== Task brief ==
Reproduce, exactly and only, the lines of the data that follows from the one containing "Корейская заправка ЧИМ" down to the one containing "00:44:52Nachdem der Streamer", without pictures.

-- Exercise data follows --

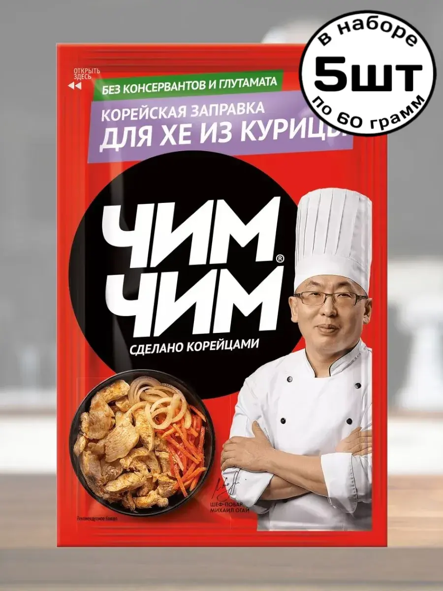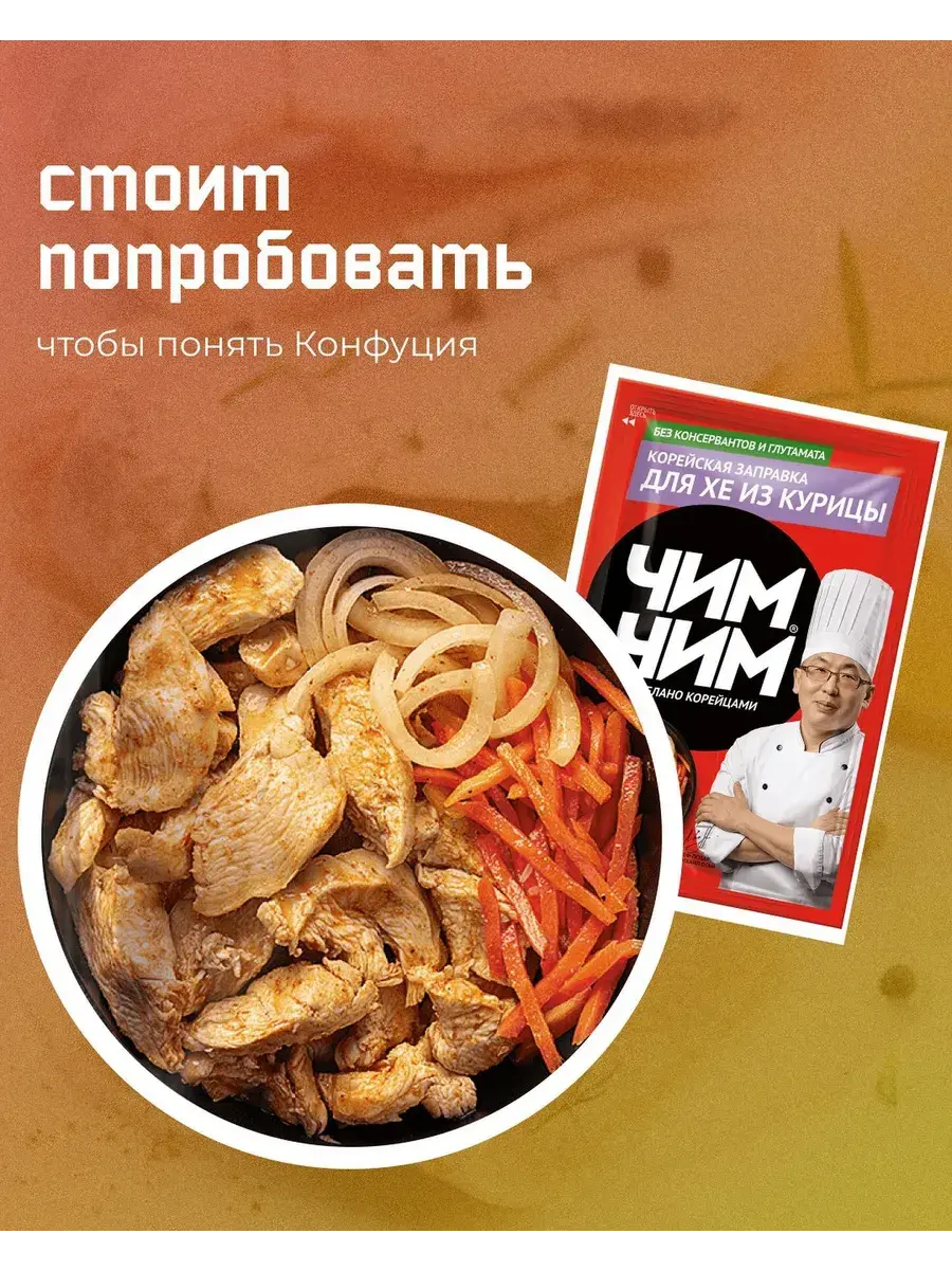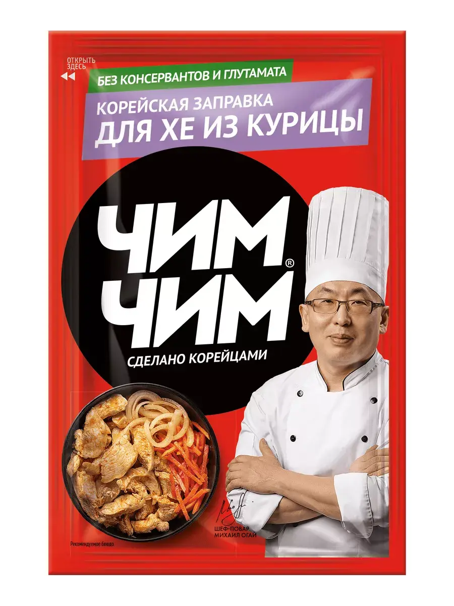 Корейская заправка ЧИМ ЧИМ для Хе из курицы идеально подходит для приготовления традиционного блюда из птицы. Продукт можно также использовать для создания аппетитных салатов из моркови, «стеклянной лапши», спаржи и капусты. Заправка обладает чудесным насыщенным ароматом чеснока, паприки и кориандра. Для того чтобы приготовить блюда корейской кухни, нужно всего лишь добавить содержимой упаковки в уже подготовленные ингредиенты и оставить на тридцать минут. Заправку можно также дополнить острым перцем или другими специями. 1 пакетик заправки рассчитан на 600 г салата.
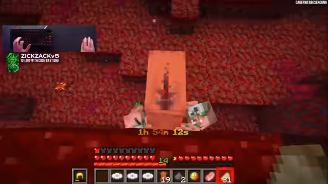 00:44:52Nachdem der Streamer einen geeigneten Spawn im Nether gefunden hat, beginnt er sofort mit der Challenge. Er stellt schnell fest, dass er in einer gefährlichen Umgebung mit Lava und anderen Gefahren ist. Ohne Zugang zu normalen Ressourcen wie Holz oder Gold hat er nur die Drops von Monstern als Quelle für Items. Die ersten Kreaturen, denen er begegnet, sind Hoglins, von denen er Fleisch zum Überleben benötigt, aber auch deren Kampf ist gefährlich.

-- Exercise data concluded --
-- Exercise data follows --

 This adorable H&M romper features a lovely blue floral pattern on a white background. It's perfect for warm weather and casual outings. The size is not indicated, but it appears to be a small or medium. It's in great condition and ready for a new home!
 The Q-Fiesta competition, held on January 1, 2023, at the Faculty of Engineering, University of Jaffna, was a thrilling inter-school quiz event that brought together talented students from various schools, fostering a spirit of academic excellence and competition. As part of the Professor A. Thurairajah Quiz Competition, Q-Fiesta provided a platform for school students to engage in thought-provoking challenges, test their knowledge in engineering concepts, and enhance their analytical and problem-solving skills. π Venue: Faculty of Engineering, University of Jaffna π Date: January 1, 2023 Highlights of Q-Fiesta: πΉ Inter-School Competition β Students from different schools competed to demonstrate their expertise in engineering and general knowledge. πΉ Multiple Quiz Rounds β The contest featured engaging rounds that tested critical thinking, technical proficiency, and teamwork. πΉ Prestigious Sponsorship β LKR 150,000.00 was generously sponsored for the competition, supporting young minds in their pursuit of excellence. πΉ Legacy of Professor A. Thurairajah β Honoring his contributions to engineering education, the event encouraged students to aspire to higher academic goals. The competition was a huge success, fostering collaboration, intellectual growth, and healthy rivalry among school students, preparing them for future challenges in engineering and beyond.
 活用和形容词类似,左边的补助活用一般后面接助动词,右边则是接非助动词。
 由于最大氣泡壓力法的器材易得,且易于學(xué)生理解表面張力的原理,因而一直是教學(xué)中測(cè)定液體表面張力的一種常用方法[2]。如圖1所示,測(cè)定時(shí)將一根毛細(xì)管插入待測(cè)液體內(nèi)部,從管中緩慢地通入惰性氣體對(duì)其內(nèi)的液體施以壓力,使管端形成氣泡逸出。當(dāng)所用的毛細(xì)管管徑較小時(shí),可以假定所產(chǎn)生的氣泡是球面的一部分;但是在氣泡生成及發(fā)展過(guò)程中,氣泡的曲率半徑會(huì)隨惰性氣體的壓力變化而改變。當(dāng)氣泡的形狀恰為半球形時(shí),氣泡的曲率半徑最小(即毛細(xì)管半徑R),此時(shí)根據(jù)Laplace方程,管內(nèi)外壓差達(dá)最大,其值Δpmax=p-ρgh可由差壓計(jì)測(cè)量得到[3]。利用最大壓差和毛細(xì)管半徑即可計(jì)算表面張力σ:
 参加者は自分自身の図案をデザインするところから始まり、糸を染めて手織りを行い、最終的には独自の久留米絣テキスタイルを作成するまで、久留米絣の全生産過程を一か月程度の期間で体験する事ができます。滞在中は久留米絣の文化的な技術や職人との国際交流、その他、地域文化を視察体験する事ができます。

-- Exercise data concluded --

== Response to this exercise ==
 Корейская заправка ЧИМ ЧИМ для Хе из курицы идеально подходит для приготовления традиционного блюда из птицы. Продукт можно также использовать для создания аппетитных салатов из моркови, «стеклянной лапши», спаржи и капусты. Заправка обладает чудесным насыщенным ароматом чеснока, паприки и кориандра. Для того чтобы приготовить блюда корейской кухни, нужно всего лишь добавить содержимой упаковки в уже подготовленные ингредиенты и оставить на тридцать минут. Заправку можно также дополнить острым перцем или другими специями. 1 пакетик заправки рассчитан на 600 г салата.
 00:44:52Nachdem der Streamer einen geeigneten Spawn im Nether gefunden hat, beginnt er sofort mit der Challenge. Er stellt schnell fest, dass er in einer gefährlichen Umgebung mit Lava und anderen Gefahren ist. Ohne Zugang zu normalen Ressourcen wie Holz oder Gold hat er nur die Drops von Monstern als Quelle für Items. Die ersten Kreaturen, denen er begegnet, sind Hoglins, von denen er Fleisch zum Überleben benötigt, aber auch deren Kampf ist gefährlich.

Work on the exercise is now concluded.